Women on Having It All: Sandra Smith

Stacey Soble | October 4, 2012 | 12:31 PM

Sandra Smith; Former Salon Owner and Matrix Artistic Director; Dalton, Georgia

Matrix Artistic Director and Mentor Sandra Smith and her husband, Brian, have been a dynamic duo for 26 years. The former owners of two salons (Ritz Hair Design and Ritz International), Sandra and Brian have appeared before audiences all over the world and are 10-time finalists and three-time NAHA winners in the Avant Garde, Haircolor and Masters categories. Over the years, Sandra has learned to balance her globe-trotting educational endeavors with the raising of three children and the spoiling of five grandchildren.

Do you believe a woman in the professional beauty industry can “have it all?” And, what does that mean to you?

“I actually think the statement is very personal and relevant to the individual. For example, an Olympic champion wouldn’t apply to me, even though she’s a very strong woman. Personally, I love my family and my career both. It’s the same characteristics in my career as family that are important—purpose, passion, value, opportunities, achievement, fulfillment, happiness, meaning, support, fun, harmony, balance and challenge. So in my spouse and in the people I work with I get to share, help and have an influence. Arnie Miller used to say, “Love what you do, love who you do it for, love who you do it with.” I think that’s impactful.”
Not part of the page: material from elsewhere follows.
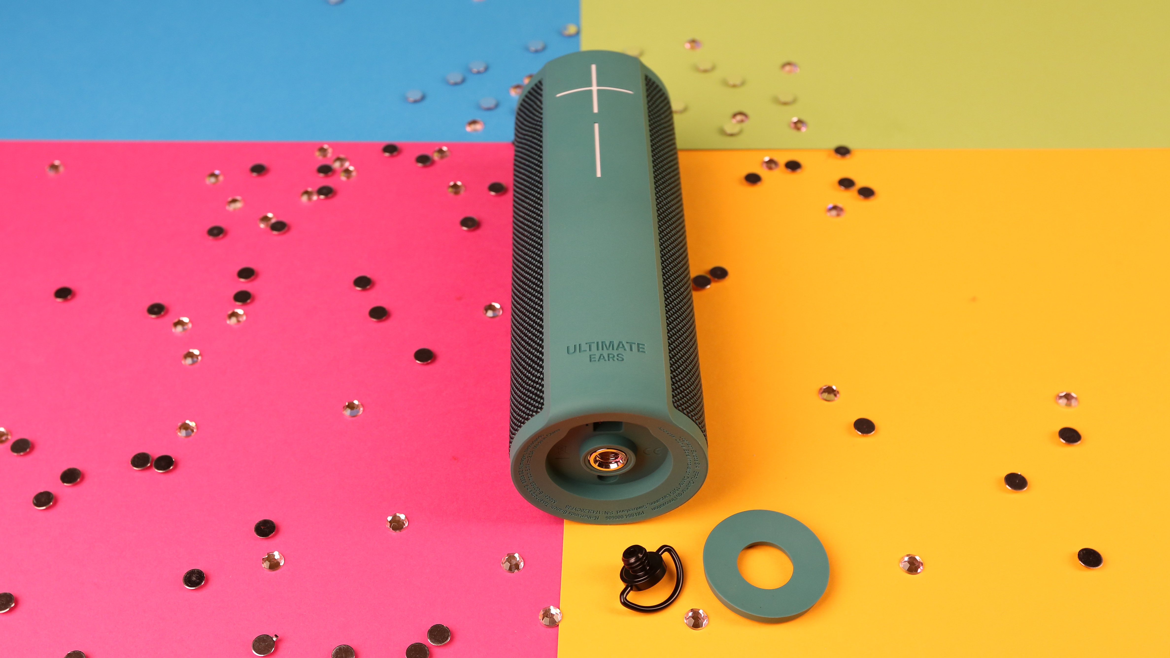 Auf der Unterseite hat der Lautsprecher ein Standard-Stativgewinde, in das eine Trageschlaufe eingeschraubt ist. Die Micro-USB-Buchse zum Laden sitzt ebenfalls auf der Unterseite. Diese ist durch eine runde Kunststoffabdeckung gegen das Eindringen von Wasser und Schmutz geschützt. Das ist zwar einerseits praktisch, andererseits bedeutet es aber, dass der Nutzer jedes Mal die Aufhängung abschrauben muss, um den Speaker wieder zu laden.

In the pursuit of “having it all,” what sacrifices have you had to make, if any? “Truly, life is about options and choices, and it isn’t always easy. Every day is different. I might give you a different answer on different days. I choose to look at having it all as freedoms, opportunities and challenges. If you feel like you made a sacrifice, it is still rewarding in the end one way or the other. When my daughter was growing up there were occasionally missed events. But for the big events, I tried to plan in advance. However, I remember crying on the plane all the way to my destination once because I was missing her cheerleading tryouts. But when I got there, I called immediately and she made the team!”

If we were looking through a scrapbook of your life, what would be your favorite page?

“My family page. Together, Brian and I have three children and five grandchildren. But if I had to pick one big thing it would be the birth of my daughter. It was something I had always hoped for and wasn’t sure I would be able to have, and I was with her when her kids were born.”

“If we were looking through a scrapbook of your life, what page would you want to rewrite? “I really wouldn’t change a thing. I think my experiences are what makes me who I am.”

“What’s your favorite tool or strategy for maintaining balance in your life? “I think it’s my personal values and beliefs. And on a lighter note—play. Play with friends and family. Be a child sometimes, it’s a great teacher. Remember not to be so serious—children are a great reminder. They say what they think and have a great time. My four-year-old grandson carries on a conversation with all sorts of expressions where he makes up words. I respond the same way—make up words with big expressions with my arms and just have fun.”


What’s the best advice anyone ever gave you, and how did it change your life? “My parents taught me to always be respectful and treat others the way I would like to be treated. I think that applies to all walks of life—friends, family, kids. It makes a difference in how people treat you.”

What wisdom would you share with a young woman entering a career in the professional beauty industry?

“Be a sponge! Connect with people—it’s profound and powerful. Imagine. Be your best, do your best, give your best. Be a role model. Celebrate all wins and be grateful. What keeps you up at night?

“Not much. I’m completely exhausted.”

What makes you feel powerful?

“Truly, the support and unconditional love of Brian, my family and my Matrix friends. When you know that and don’t have to worry, it allows you to do what you need to do on the forefront.”

What’s the best thing anyone’s ever told you about yourself?

“You’ve changed my life. You are truly authentic. My husband said I changed his life as well as clients who I’ve made over. The person who said I was authentic was someone I don’t even know very well on Facebook!”

What do you hope to achieve in the next five years?

“I want to make a difference through giving, sharing, leadership and education. I’d like to leave a legacy. Winston Churchill said, “Make a living by what we get, make a life by what we give.” Legacy is about mentoring and being remembered for helping and sharing. I want to make a difference to individuals, but also to the industry. I’ve also always wanted to write a book on makeovers, but not just about the typical makeover—really look in the human soul and spirit and how powerful the touch of the hairdresser is.”